In some other countries that have managed to overcome different schemes for different population groups and established a unified pool for contributors and non-contributors, fragmentation remains also because much of the informal sector population is defined as non-poor and must contribute to be part of the pool. As a consequence of this de facto voluntary arrangement, countries such as Ghana, the Philippines and Vietnam still experience inequities between the insured and uninsured population [34, 44].

(5.) Different pools for different population groups, with explicit coverage for all

Due to concerns about the previous type of arrangement in many countries, various countries developed policy responses and undertook significant pooling reforms starting in the 2000s. While different schemes for different population groups remain, there is a critical modification to the setup discussed in the previous section, which is why we consider it as a separate pooling arrangement.

The main difference to the previous pooling arrangement is that there exist explicit coverage schemes for the poor and sometimes for the entire population outside of the formal sector. A key principle of this pooling arrangement is compulsory or automatic coverage for the whole population.

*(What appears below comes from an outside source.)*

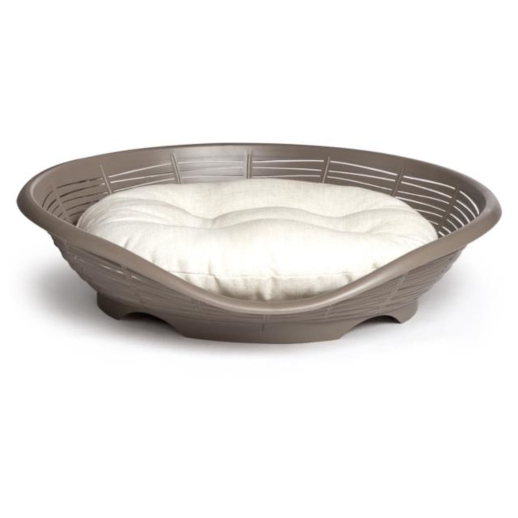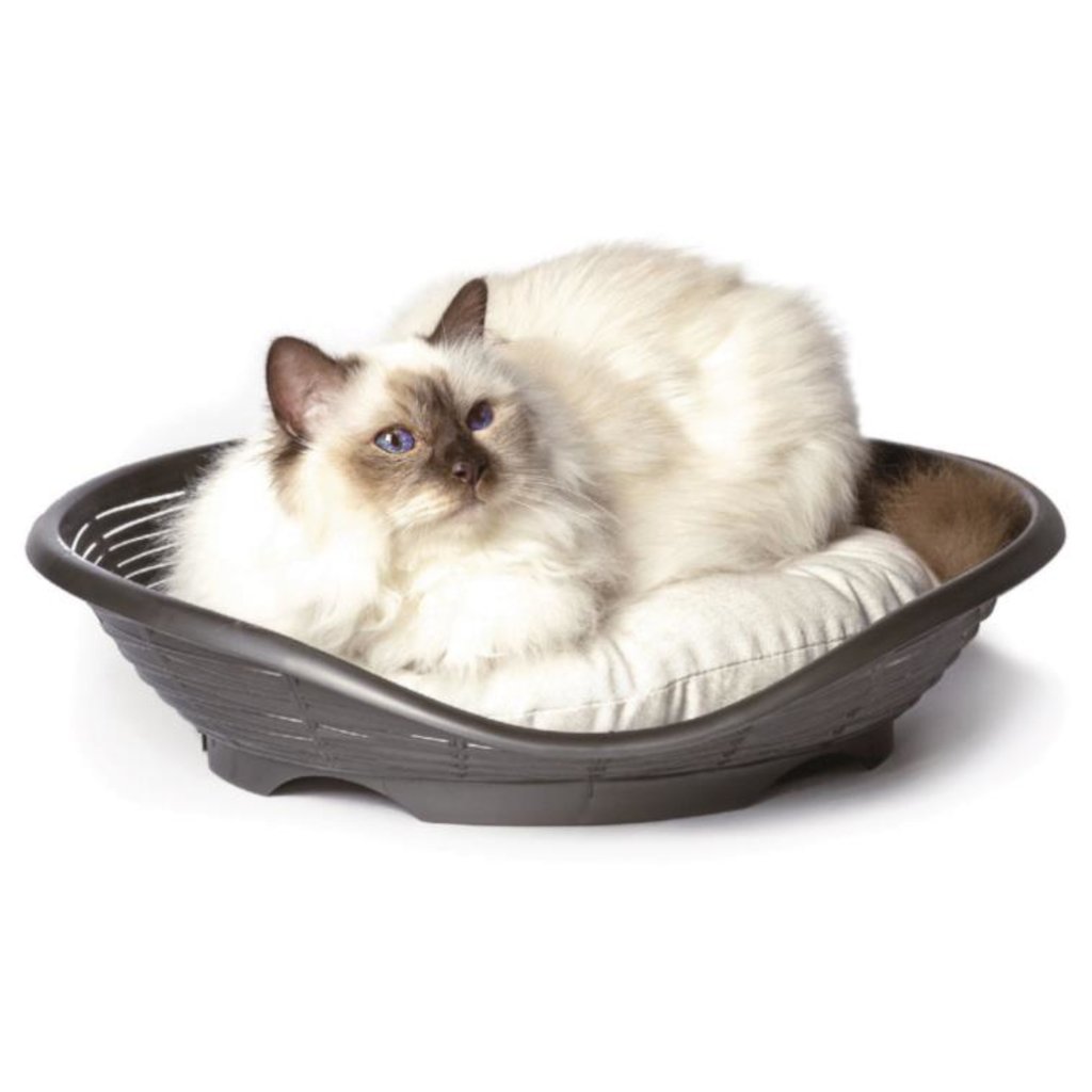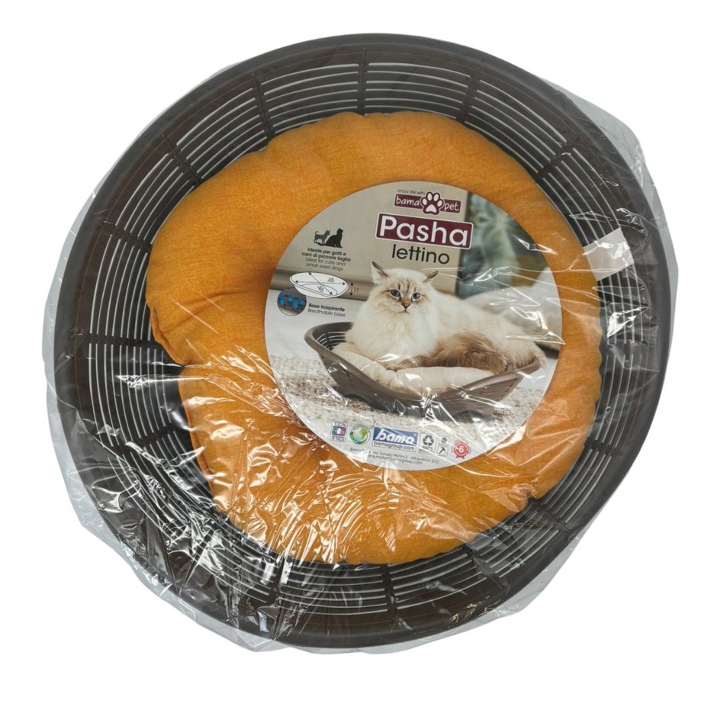 A PASHA műanyag fekhely ideális macskák és kistestű kutyák számára. Tartalmaz egy kényelmes párnát a légáteresztő alapon. EElegáns, rattan dekorációval ellátott fekhely az olasz gyártó cégtől. BAMA otthonának gyönyörű díszítőeleme is lesz.

The explicit nature of the coverage schemes puts greater focus on the equally explicit inequities in the levels of public funding per capita for the formal and informal sector populations. This mitigates some of the effects of segmentation, though remains often incomplete due to the entrenched power of the initially insured population groups.

Thailand is a prominent example for this pooling arrangement. In the early 1990s, Thailand had a scheme for civil servants and another scheme for private sector employees. It also had schemes for the low-income population and the elderly and a subsidized voluntary insurance program for the rest of the population. These latter three were replaced by a new health coverage scheme that was introduced in 2002, called the Universal Coverage Scheme (UCS), as a response to growing concerns about the huge differences in level of funding per capita across the schemes and the remaining coverage gap due to the failure of the voluntary insurance to reach much of the informal sector. The UCS pooled together all of those revenues plus increased budget allocations. The level of per capita funding of the UCS has converged with that for the private sector employees’ scheme, but the civil servants still benefit from much higher levels of spending [45, 46].

Mexico’s Seguro Popular also shifted to this principle of automatic coverage of all people who are not part of an insurance scheme for formal sector employees [47, 48]. Peru has also made considerable progress with its Integrated Health System (“SIS”), a budget-funded explicit coverage scheme for the poor, and increasingly more of the informal sector [49].

Common to these low- and middle-income country examples is that they did not manage to merge all coverage schemes into one pool due to the resistance of the formal sector employees for a unified national scheme. These countries had therefore decided to create an explicit coverage program for people outside the formal sector, whilst trying to gradually increase the level of funding to narrow the gap in per capita expenditure across the different schemes. Although this pooling arrangement does not fully overcome fragmentation and population segmentation, it substantially reduces it.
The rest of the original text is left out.